No, no es la primera entrada que dedico a tan insigne ocasión. Sin embargo, esta vez he dejado que pasen 24 horas (nueva repetición, esta vez de un número… ¡Estoy que me salgo!) para poder reflexionar y aportar en esta entrada algo más que una simple felicitación.

Resulta que en los tiempos que corren, con acceso ilimitado a internet y un ritmo de vida frenético, ya no leemos. También ocurre que los jóvenes han perdido todo el interés en la literatura, el arte y la cultura, y sólo muestran una moderada pasión por las redes sociales y ese apéndice de su cuerpo en que se ha convertido el móvil de turno. Por último, se dice que la irrupción del ebook pone en peligro la pervivencia del formato tradicional y que los libros pronto pasarán a ser parte del pasado.
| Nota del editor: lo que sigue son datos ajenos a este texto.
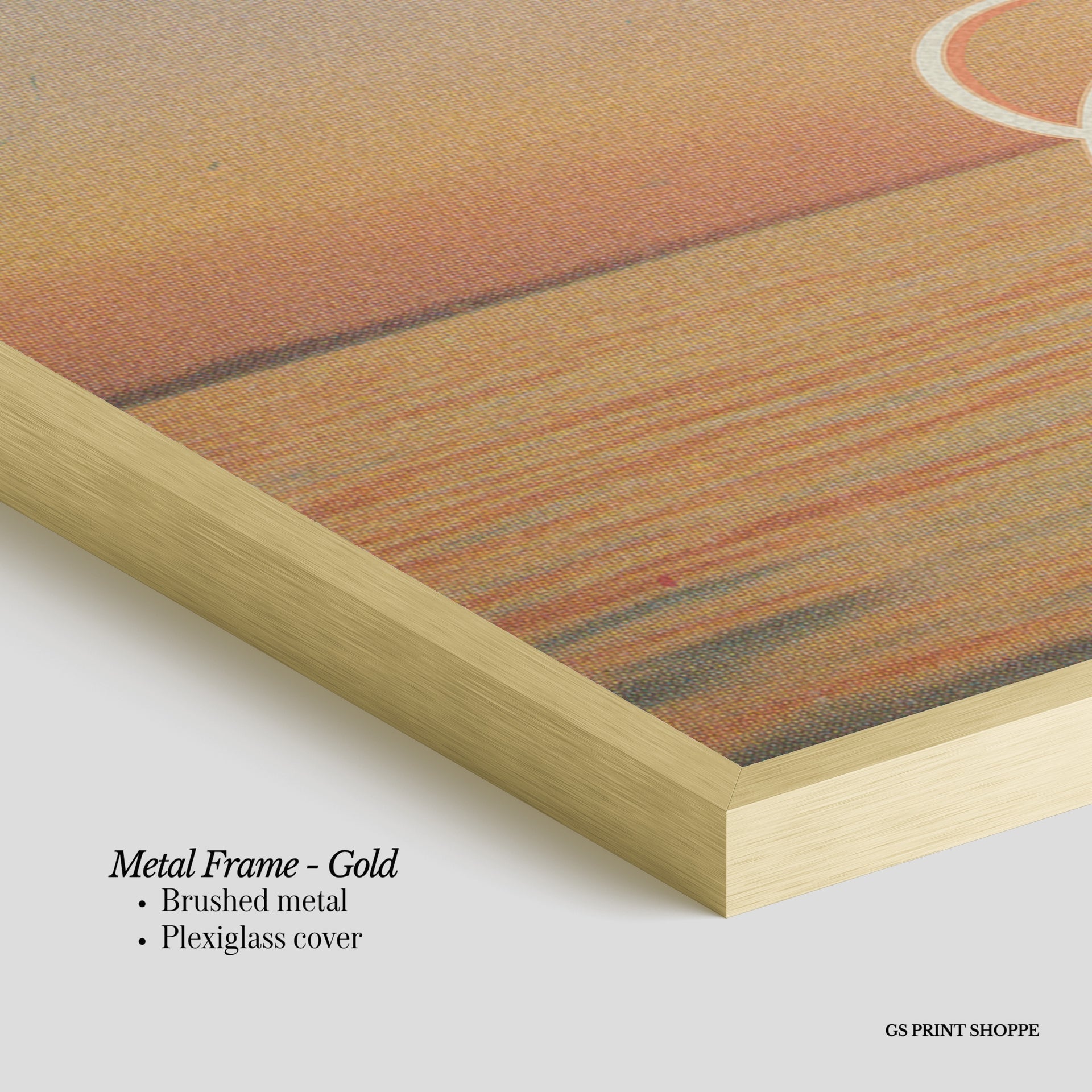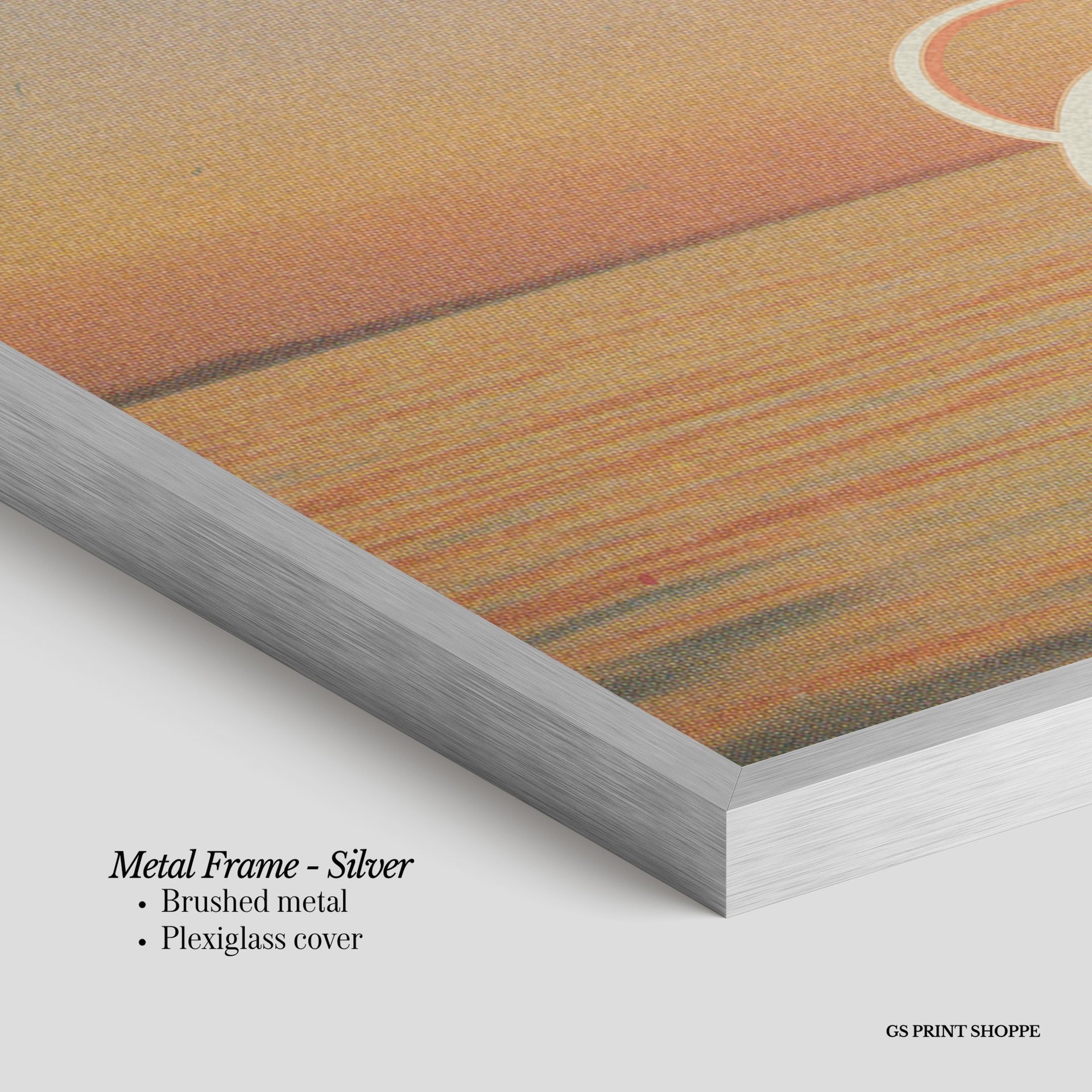 Metal Frame: Sleek and modern, our metal frame is crafted with brushed metal for a polished finish. It comes with durable plexiglass and sturdy metal hangers for horizontal or vertical display.
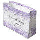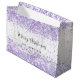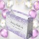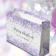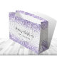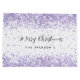 A stylish whitebackground decorated with violet, lavender coloured faux confetti, sparkles. Personalise and add your family name. Text: Merry Christmas.

Pues bien, la impresión que tuve ayer, tras una hora larga paseando entre los puestos de las librerías, no se corresponde precisamente con ninguna de esas tres afirmaciones. Para empezar, la plaza estaba a rebosar de ávidos lectores, ansiosos por adquirir algún ejemplar a un precio un 10 % más económico. Y no había únicamente personas mayores, tal vez poco familiarizadas con la tecnología y, por tanto, el libro electrónico, sino que también muchos niños y adolescentes ojeaban las páginas, leían los títulos o acariciaban los lomos de los libros elegidos.
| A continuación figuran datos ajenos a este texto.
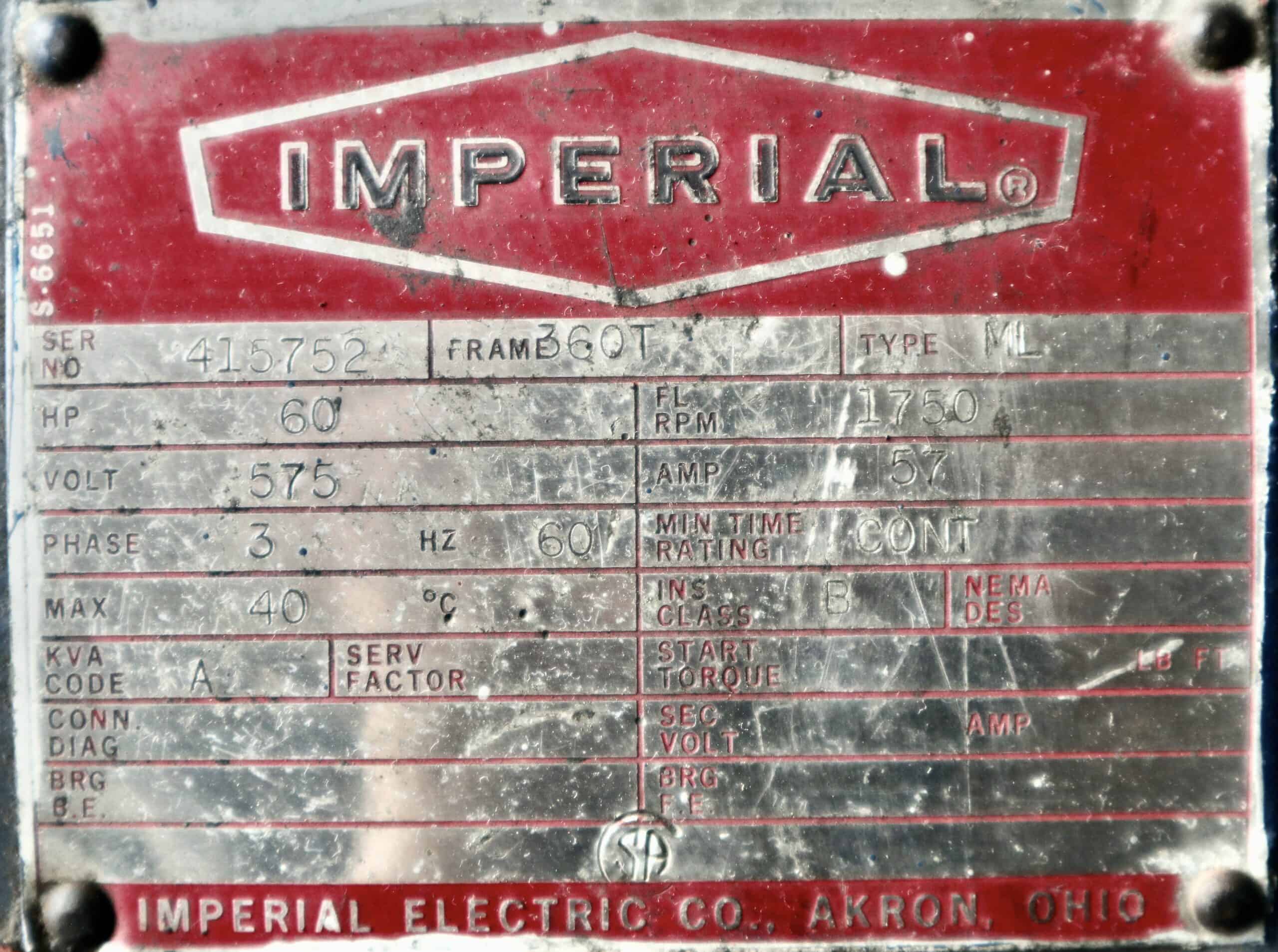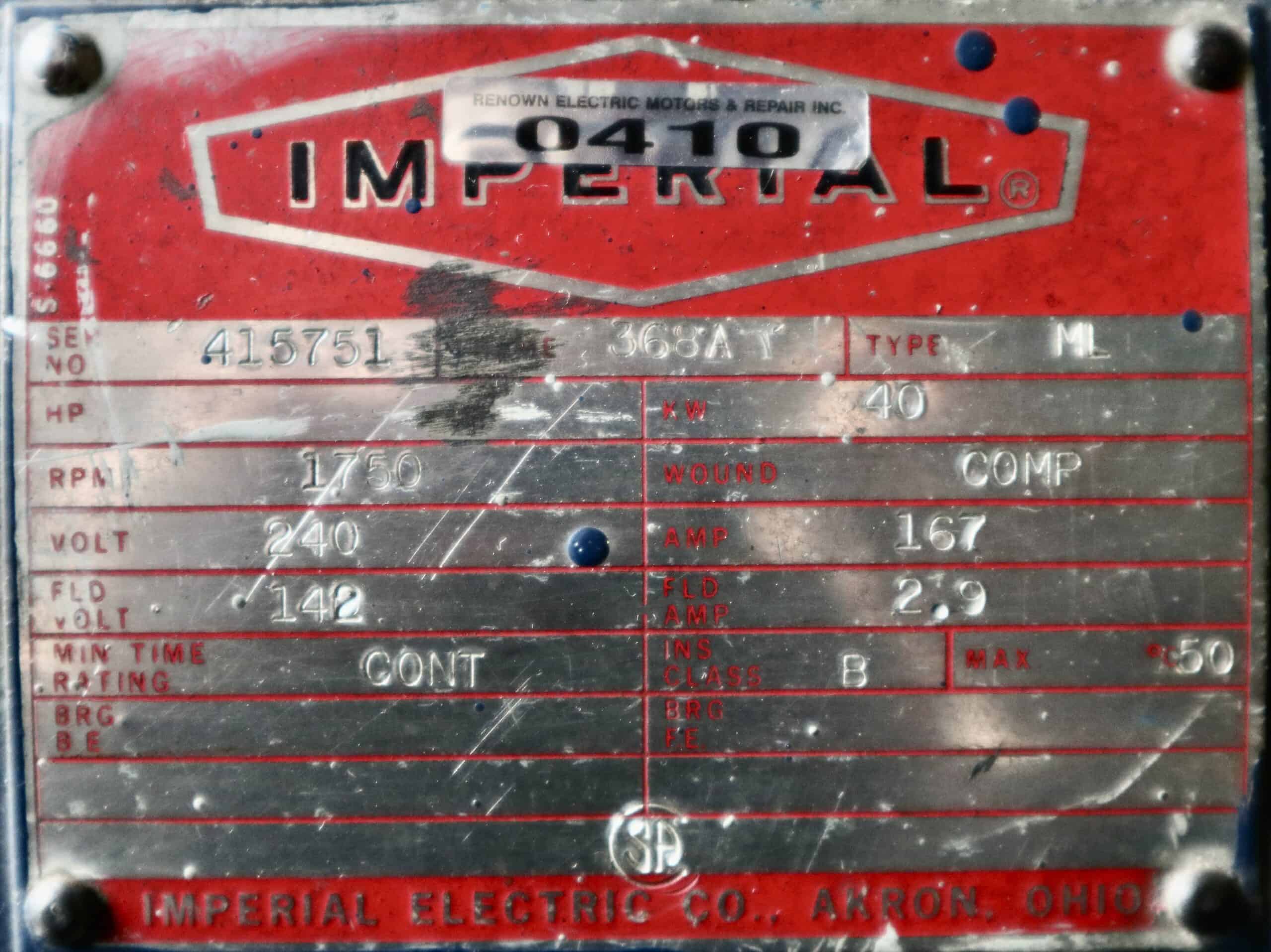 Imperial Electric Generator 60HP 40KW 1750RPM 360T/368A #0410

No sé hasta qué punto la muestra de ayer es representativa de toda la sociedad, pero puedo decir que el agobio, los empujones, los pisotones y los codazos no fueron ayer motivo de enfado, sino de alegría. Eso, unido a los cuatro libros que me llevé para casa, volvieron a pintar en mi cara esa sonrisa de la que ya hablé hace dos años (es la misma entrada, pero no he podido evitar volver a pegar el enlace).

Tengo que reconocer que me resultó un poco complicado hacer una selección de títulos. Fui con la idea fija de evitar best sellers (no porque esté en contra, simplemente porque muchas veces me siento culpable si compro un libro en un puesto y luego lo veo en otro) y libros que, con mayor o menos probabilidad, no voy a leer. Además, resulta difícil elegir sin leer la sinopsis, algo a lo que me opongo categóricamente. De momento, por suerte, sigo satisfecho con mis compras y estoy casi seguro de que me los leeré todos en un futuro próximo y disfrutaré con ellos. Ya te contaré.